Creating .rec file from /home/tbs/workspace/mxnet-ssd/data/val.lst in /home/tbs/workspace/mxnet-ssd/data
multiprocessing not available, fall back to single threaded encoding
Traceback (most recent call last):
  File "/home/tbs/workspace/mxnet-ssd/tools/prepare_dataset.py", line 111, in <module>
    "--shuffle", str(int(args.shuffle)), "--pack-label", "1"])
  File "/usr/lib/python2.7/subprocess.py", line 541, in check_call
    raise CalledProcessError(retcode, cmd)
subprocess.CalledProcessError: Command '['python', '/home/tbs/workspace/mxnet-ssd/tools/../mxnet/tools/im2rec.py', '/home/tbs/workspace/mxnet-ssd/data/val.lst', '/home/tbs/workspace/mxnet-ssd/data/VOCdevkit', '--shuffle', '1', '--pack-label', '1']' returned non-zero exit status -11

这个non-zero exit,代码为-11具体是什么错误呢?博主在搜索以后也没有给出具体的答案,不过给出了具体的debug的方式。

这个python的subprocess模块在调用失败后,会抛出CalledProcessError异常,并会将错误输出到returncode和output两个变量中。于是博主写了如下图加粗的一段代码,去打印这个异常,希望能在output变量中发现一些什么,结果令人失望,并没有更多的信息,output变量输出结果为None。

try:
    subprocess.check_call(["python",
        os.path.join(curr_path, "..", "mxnet/tools/im2rec.py"),
        os.path.abspath(args.target), os.path.abspath(args.root_path),
        "--shuffle", str(int(args.shuffle)), "--pack-label", "1"])
except subprocess.CalledProcessError as e: raise RuntimeError("command '{}' return with error (code {}): {}".format(e.cmd, e.returncode, e.output))

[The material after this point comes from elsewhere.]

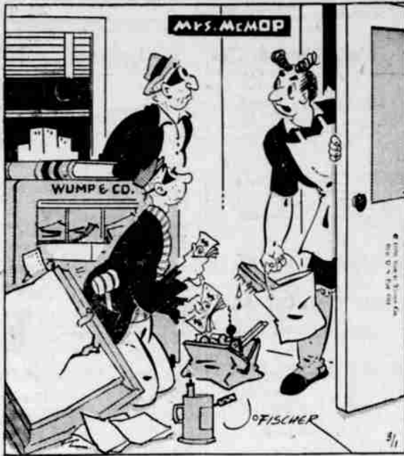
Oh, I beg your pardon. I'll come back later when you're through.

看来这样调试还是找不到具体的错误,那么直接运行subprocess的命令吧,结果是Segmentation fault (core dumped).

tbs@ubuntu:~/workspace/mxnet-ssd$ python /home/tbs/workspace/mxnet-ssd/tools/../mxnet/tools/im2rec.py /home/tbs/workspace/mxnet-ssd/data/train.lst /home/tbs/workspace/mxnet-ssd/data/VOCdevkit --shuffle 1 --pack-label 1
Creating .rec file from /home/tbs/workspace/mxnet-ssd/data/train.lst in /home/tbs/workspace/mxnet-ssd/data
multiprocessing not available, fall back to single threaded encoding
Segmentation fault (core dumped)

继续搜索发现,可以使用gdb调试这个错误,具体的使用方法是,在命令行中输入gdb,然后使用file python指令加载python环境,接下来使用run ***.py arg1 arg2 ...,这样调试器gdb就会在遇到的第一个错误处停下来。我们观察这个调试信息,发现最后问题定位在

    0x00007ffff34f4865 in cv::Mat::copyTo(cv::_OutputArray const&) const () from /usr/lib/x86_64-linux-gnu/libopencv_core.so.2.4

而我们可以继续搜索得到,这个问题是因为系统同时装了OpenCV的2.4版本和3.0版本,或者说python的OpenCV版本与apt包管理的OpenCV版本不一致造成的。最终,博主将python的OpenCV 3.0版本卸载,重新装了一个2.4版本的,问题解决,终于可以正常训练了。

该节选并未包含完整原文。